Expanded graphite filled polypyrrole (PPy/EG) conducting composites were prepared by in situ polymerization of pyrrole by the addition of expanded graphite in various proportions (0.25%, 0.50% and 1.0%). The synthesized samples were characterized by Fourier transform infrared spectroscopy (FTIR), scanning electron microscopy (SEM), thermogravimetric analysis (TGA), ultraviolet–visible absorption (UV–vis), X-ray diffraction (XRD) and electrical conductivity measurements. FTIR spectroscopy revealed the interaction between expanded graphite and polypyrrole (PPy). PPy/EG composites showed crystalline nature with rhombohedral structure. The band gaps of pure PPy and PPy/EG composites were determined by UV–vis absorption spectrophotometry and cyclic voltammetry. The electrical conductivities of the composites were enhanced dramatically to 110.04 S cm−1 compared to pure PPy. The composites also showed excellent electrochemical reversibility at the scan rate of 0.1 V s−1 and maximum reversible electrochemical response intaking charge capacity almost unchanged even up to 125th cycles.

Highlights

► We synthesized polypyrrole/expanded graphite composite via in situ polymerization. ► Expanded graphite dramatically increased the conductivity of the polymer composite. ► Increased conductivity is due the excess surface provided by the EG. ► The composites possess good thermal stability up to 750 K. ► The composite shows gratifying reversible electrochemical response.

Introduction

Conducting polymer composites with various conductive fillers have recently attracted much attention. They can exhibit significant levels of electrical conductivity suitable for use in electronic devices, rechargeable batteries, functional electrodes, electrochromic devices, sensors, conductive inks and so on [1], [2], [3], [4], [5], [6]. Virgin conducting polymers like polyaniline, polypyrrole (PPy), polythiophene, etc. have poor processability and the lack of essential mechanical properties. To overcome these drawbacks, some fillers are incorporated into these polymer matrices to form composite materials [7], [8], [9], [10].

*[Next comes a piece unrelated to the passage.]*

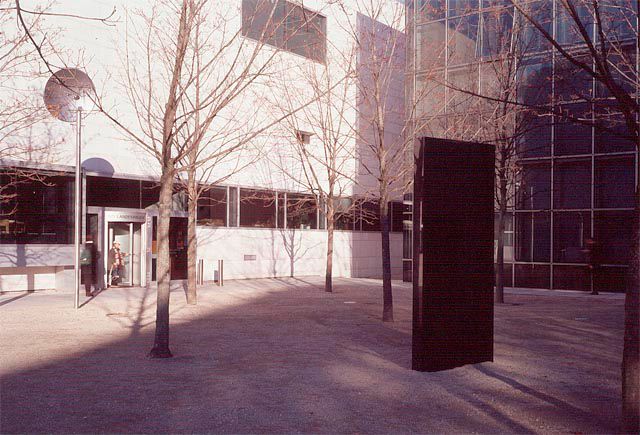 Minimalistisch und lapidar betitelte Bernhard Leitner seine neue Ton-Raum-Installation im Ahornwäldchen des Kulturbezirks St. Pölten zwischen Landesbibliothek und -archiv, schräg gegenüber dem neuen Landesmuseum, mit "Klangstein". Zwei Bereiche konstituieren das neue Werk: ein schwarzer, auf allen Seiten glatt polierter schwedischer Granit, der frei zwischen den Bäumen aufgestellt ist, sowie gegenüber, am Rande des kleinen Parks in neun Meter Entfernung, eine fünf Meter hohe Stahlrohrsäule mit einer Parabolschale, in deren Brennpunkt sich ein über Computer gesteuerter Lautsprecher befindet, von dem aus ein Klangstrahl in die Parabolschale und von dieser auf den Stein projiziert wird. Bewegt man sich in den Bereich des Ausfallswinkels des durch den Stein reflektierten Tonstrahles, so wird ein Wasserrauschen vernehmbar, das als Ausgangsmaterial analog "aus der Natur heraus" aufgenommen wurde. Der Höreindruck ist dabei so intensiv, dass man meint, das Wasserrauschen komme direkt aus dem Stein. Es entsteht in einem begrenzten Raumsegment des Ahornwäldchens das akustische Bild eines fließenden Wassers. Mit der Installation "Klangstein" 2003 gelang Bernhard Leitner die Transgression von Raum, Körper, Sehen und Hören zu einem neuen sinnlichen Phänomen. Allerdings geht es dabei erstmals um den Ton als Strahl, der, weil gebündelt, eine neue verdichtete und projektive Naturerfahrung imaginiert.

PPy is one of the most studied conducting polymers because of its rather straightforward preparation methods. PPy materials are reasonably stable in air, and possess good electrochemical properties and thermal stability. PPy exhibits a wide range of volume conductivities (10−3 S cm−1 < σ < 100 S cm−1) depending on the functionality and substitution pattern of the monomer and the nature of the counter ion or dopant [11], [12]. PPy shows its capability to store electrical charges. The stored electrical charges can be recovered upon demand, for that reason PPy can be considered as a good candidate of super-capacitors [13], [14], [15].

Graphite, which is naturally abundant and low cost, has widely been used as electronically conducting filler in preparing conducting polymer composites [16], [17]. In most of the cases relatively large quantities of graphite are required to reach a critical percolation value. Large amount of graphite concentration is always leading to the poor mechanical property of the composite materials [18]. To overcome this problem the concept of expanded graphite (EG) has been extensively employed [19], [20], [21], [22], [23], [24], [25]. EG is produced from graphite flakes intercalated with concentrated H2SO4 followed by rapid thermal treatment which could lead expansion up to several hundred times of the original volume. This expansion splits up the graphite sheet into nanoplates with a very high aspect ratio [26]. The graphite intercalation compounds may provide a possible source for nanocomposite formation with polymers [27], [28]. It is also well known that expanded graphite (EG) is much lighter, and has a higher specific surface area than carbon powder and carbon nanotubes [29].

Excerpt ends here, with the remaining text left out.